[WHAT THE EXERCISE ASKS] Begin at the line that holds "the thirty ft" and retype every line through the end of the material, both included. Leave out the pictures.

[DATA]
··········

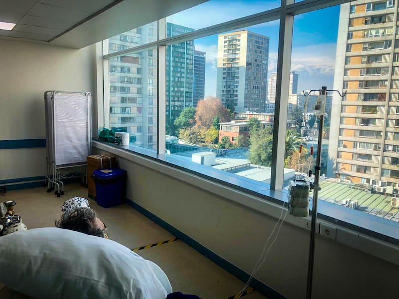 “Este fue nuestro paciente más querido, uno de los primeros que tuvimos muy muy graves. Nos encariñamos mucho, le costó harto salir adelante, pero de a poco empezó a repuntar. Apenas pudimos, aprovechamos esa linda vista que teníamos y lo sentamos frente a la ventana. Hubo hasta lágrimas de la emoción”, relata Elizabeth sobre un paciente que iniciaba su recuperación tras un par de semanas en ventilación.
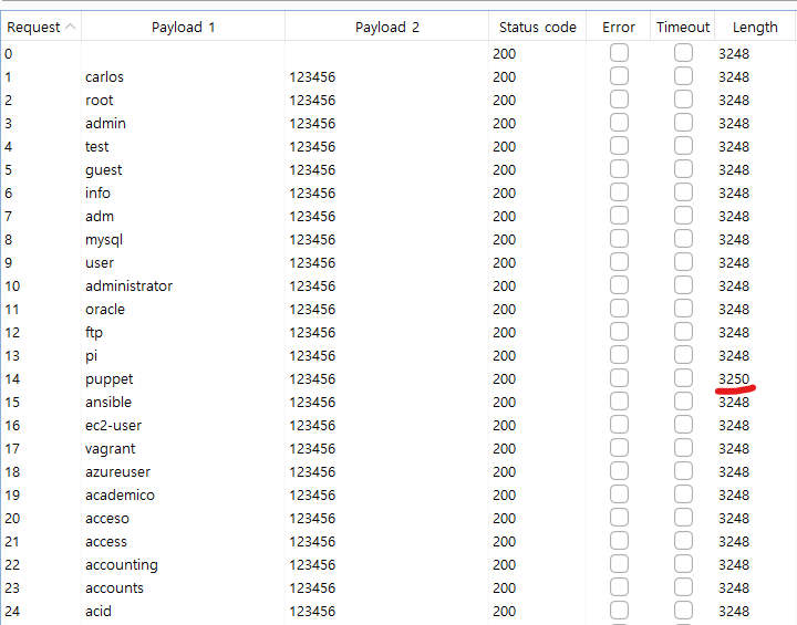 puppet / 123456으로 로그인해보면 로그인이 안된다.
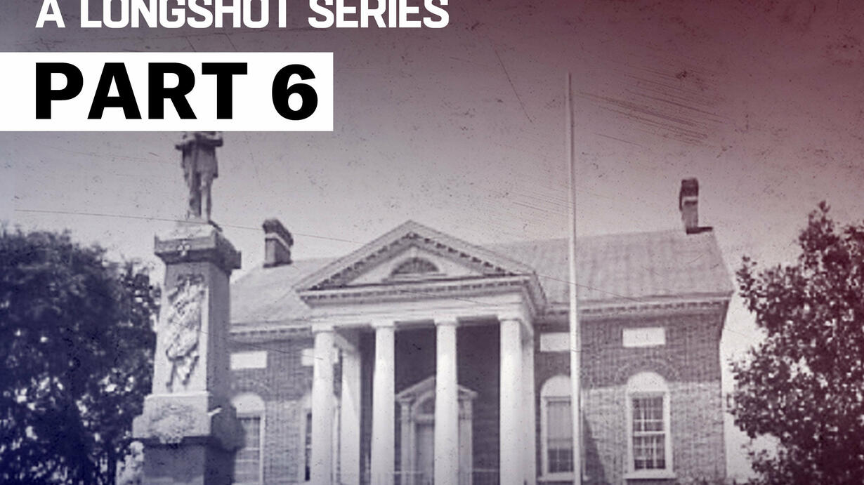 the thirty ft tall Confederate monument standing outside the rebuilt structure.
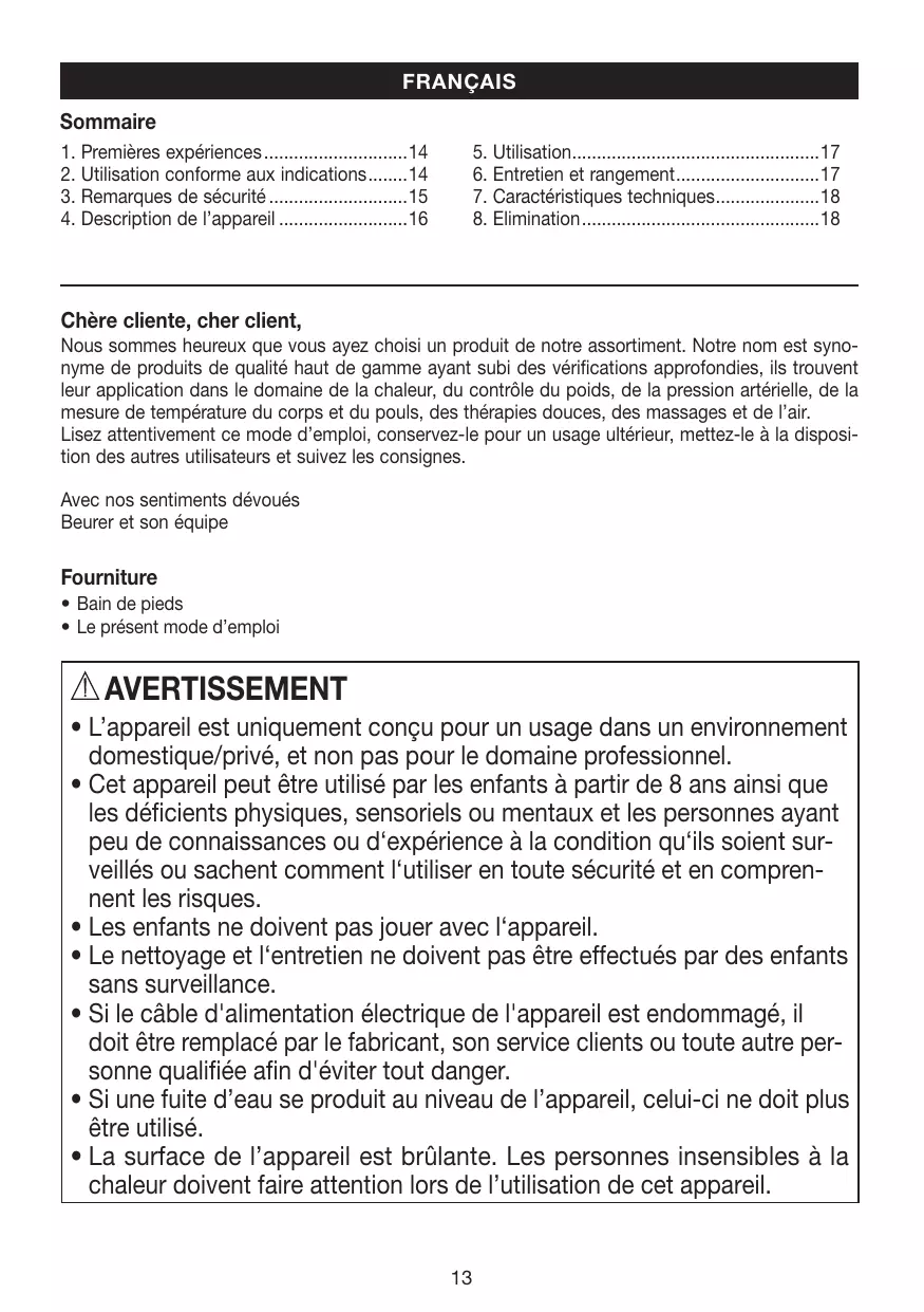 Cet appareil est exclusivement destiné au soin de vos pieds. AVERTISSEMENT N’utilisez pas le bain de pieds

··········

[SOLUTION TO THIS EXERCISE]
 the thirty ft tall Confederate monument standing outside the rebuilt structure.
 Cet appareil est exclusivement destiné au soin de vos pieds. AVERTISSEMENT N’utilisez pas le bain de pieds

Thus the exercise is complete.